Иванов день вот уж три недели как миновал. Клевер скошен, а сено только еще начинают ворошить. Сейчас самая горячая пора, когда летней работы у всех по горло и даже выше, когда о праздниках и гулянии может думать разве только ленивый, вечно сонный пастух Андж. И ведь сегодня не воскресенье. Какое там! Воскресенье было три дня тому назад, и если считать по-старому, то выходит, что сегодня четверг.
А у испольщиков в Маз-Киркуцисах все-таки праздник. Комнатка тщательно прибрана и украшена. К величайшему удовольствию пастуха Анджа и прочих маленьких людишек в усадьбе, испольщик Брумелис, несмотря на больную ногу, кое-как взобрался на дуб за ветками. Хозяйская дочка Марта украсила этой зеленью потолок в комнате. Пол вымыт так, что местами кажется, будто доски прозрачные. На плите, как на параде, выстроились котелок, подойник и две шайки — одна, побольше, железная, другая, поменьше, с деревянной дужкой. В самой же печи, в темноте, притаилось глиняное блюдо, крышкой которому служит опрокинутая миска и еще что-то побольше размерами. На радость мухам даже печь истоплена, как это всегда бывает по большим праздникам.
Сам Брумелис сидит на кровати босой, в холщовых штанах и рубахе, волосы у него гладко причесаны. Бороду он тщательно выстриг ножницами, которыми стригут овец, так что теперь подбородок и добрая половина щек у него совершенно гладкие.
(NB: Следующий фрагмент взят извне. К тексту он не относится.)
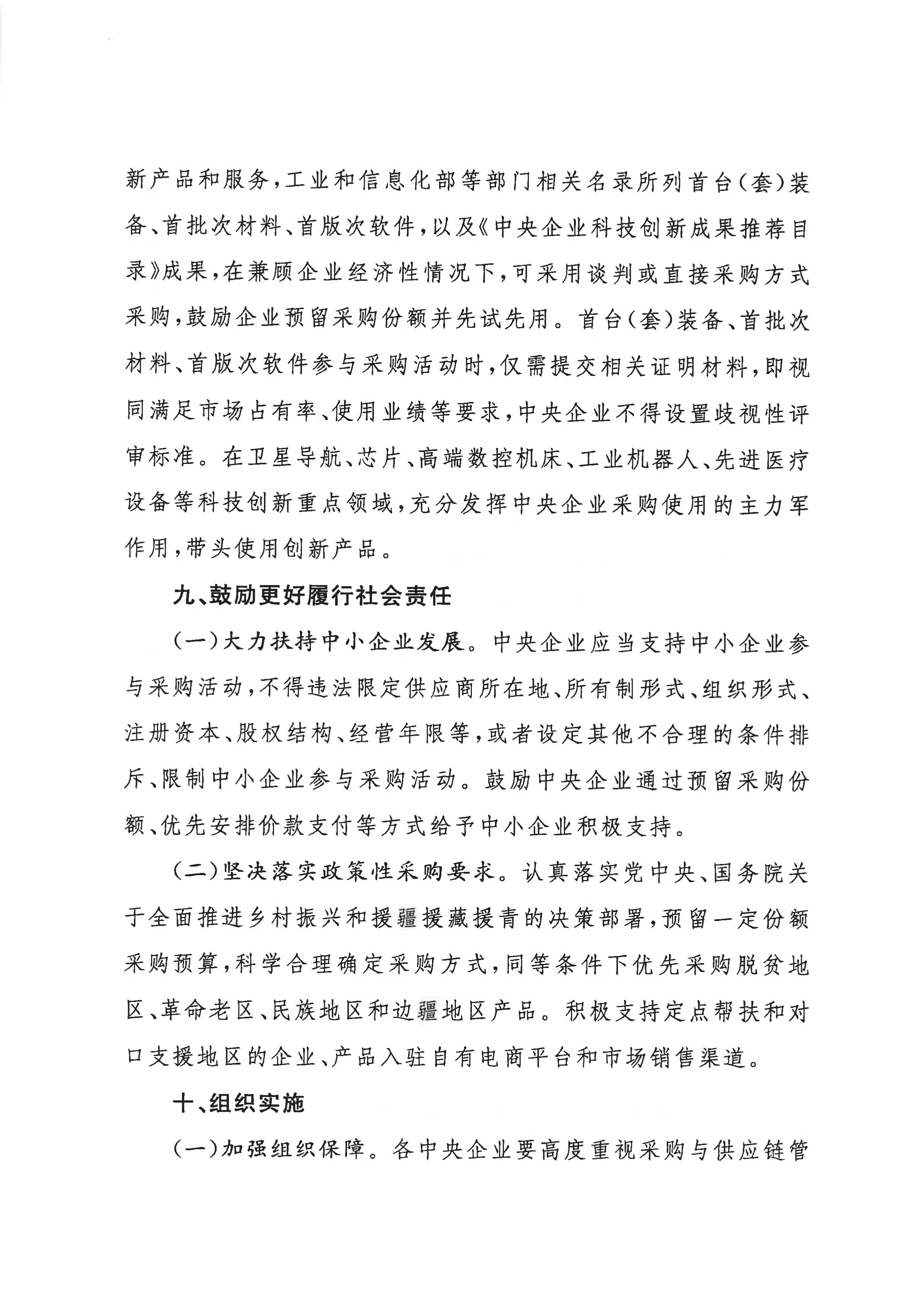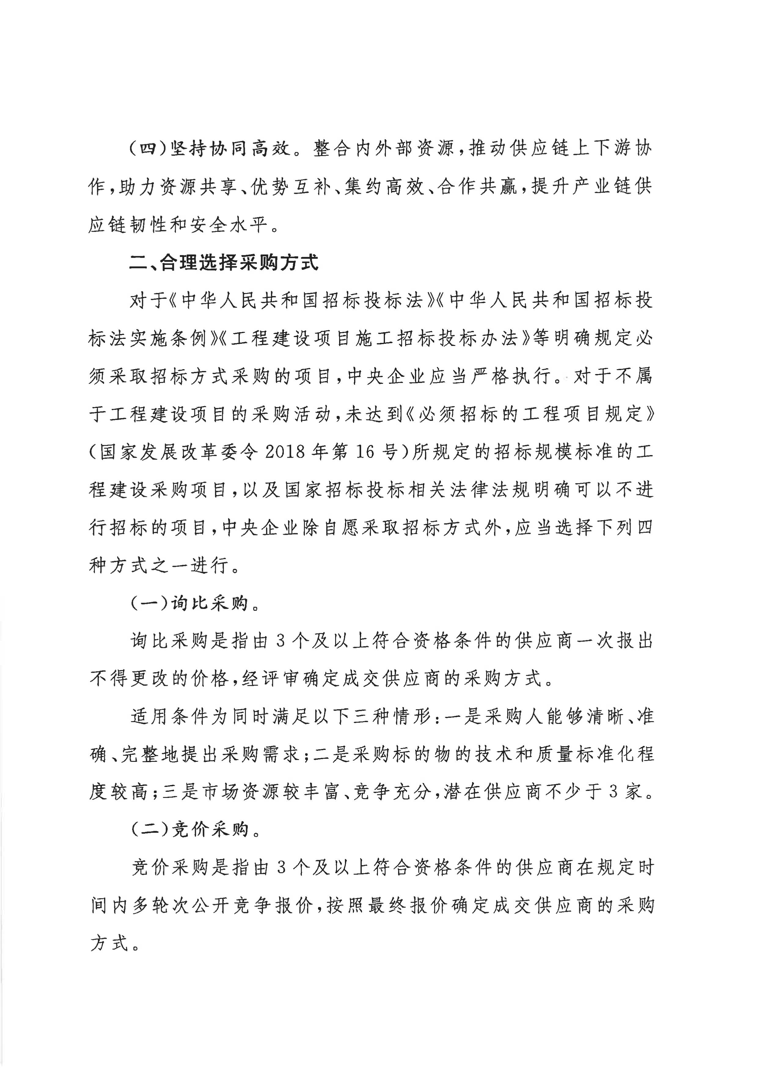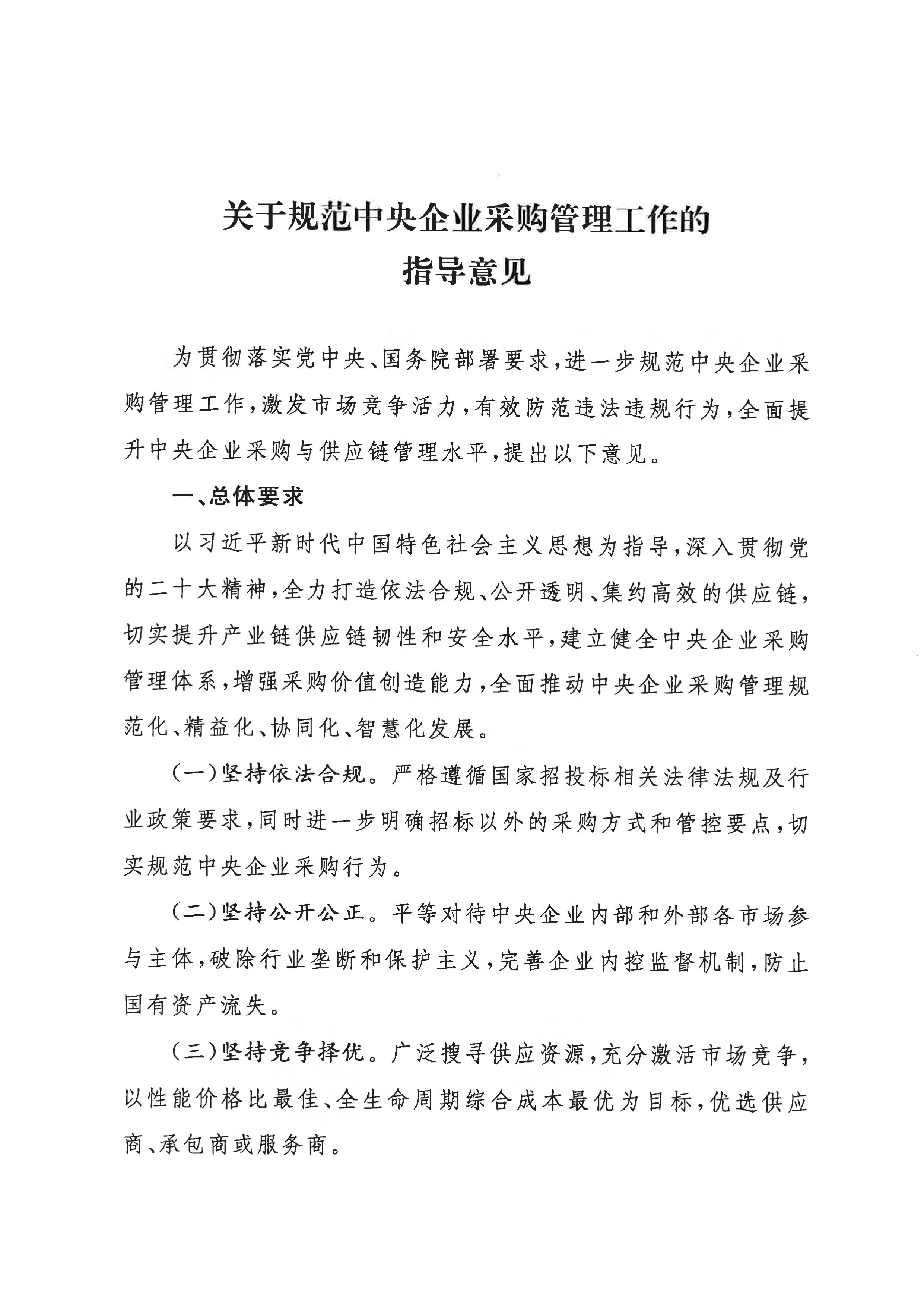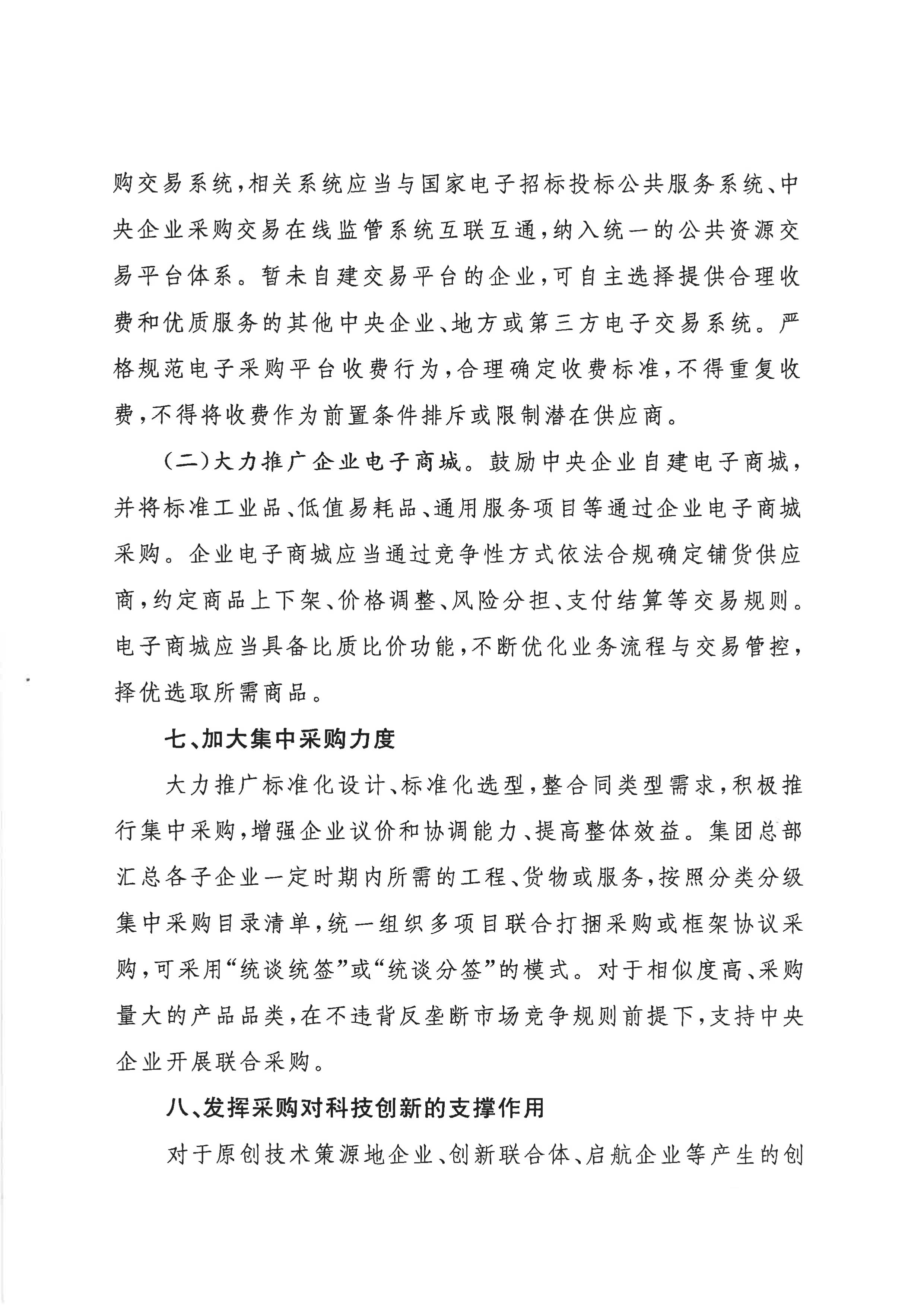 關于印發《關于規范中央企業采購管理工作的指導意見》的通知

Брумелису жарко, пот заливает глаза, но он не смеет его смахнуть, боясь взъерошить старательно приглаженные женой волосы.
Жена Брумелиса, гладко причесанная, в новом переднике, тоже сидит — у окна за столиком. Порой она посматривает на миску, которая загадочно пофыркивает на плите, потом на старика — он, по ее мнению, уже просидел глубокую яму в пышно взбитой постели. Она снова и снова поворачивается к окну с таким любопытством, что забывает смахнуть капли пота, висящие, словно бусинки, у нее на носу и на подбородке.
Входит дочь хозяина — Марта, она тоже нарядилась. Чета Брумелисов поворачивается к ней и спрашивает — глазами задает вопрос, прежде нежели рот успевает произнести слова.
— Ну?
Марта качает головой. Потом даже отмахивается.
— Ничего. Смотри — не смотри, а его нет и нет.
Вид у Марты грустный. От этого и жене Брумелиса становится тоскливо, а потом тоска берет и самого Брумелиса.
— На машине-то на этой он, верно, не поехал, — через некоторое время говорит жена Брумелиса. — А то бы он уже давно здесь был.
— Ну, а на наших-то ему тоже пора быть… — Брумелис чешет за ухом. — Далеко ли здесь.
— Тебе все недалеко… — начинает жена, но не кончает.
— Да, уж должен бы приехать, — заверяет Марта. — Коли ветер с той стороны, здесь всегда гудок слышен. Не случилось бы только несчастья…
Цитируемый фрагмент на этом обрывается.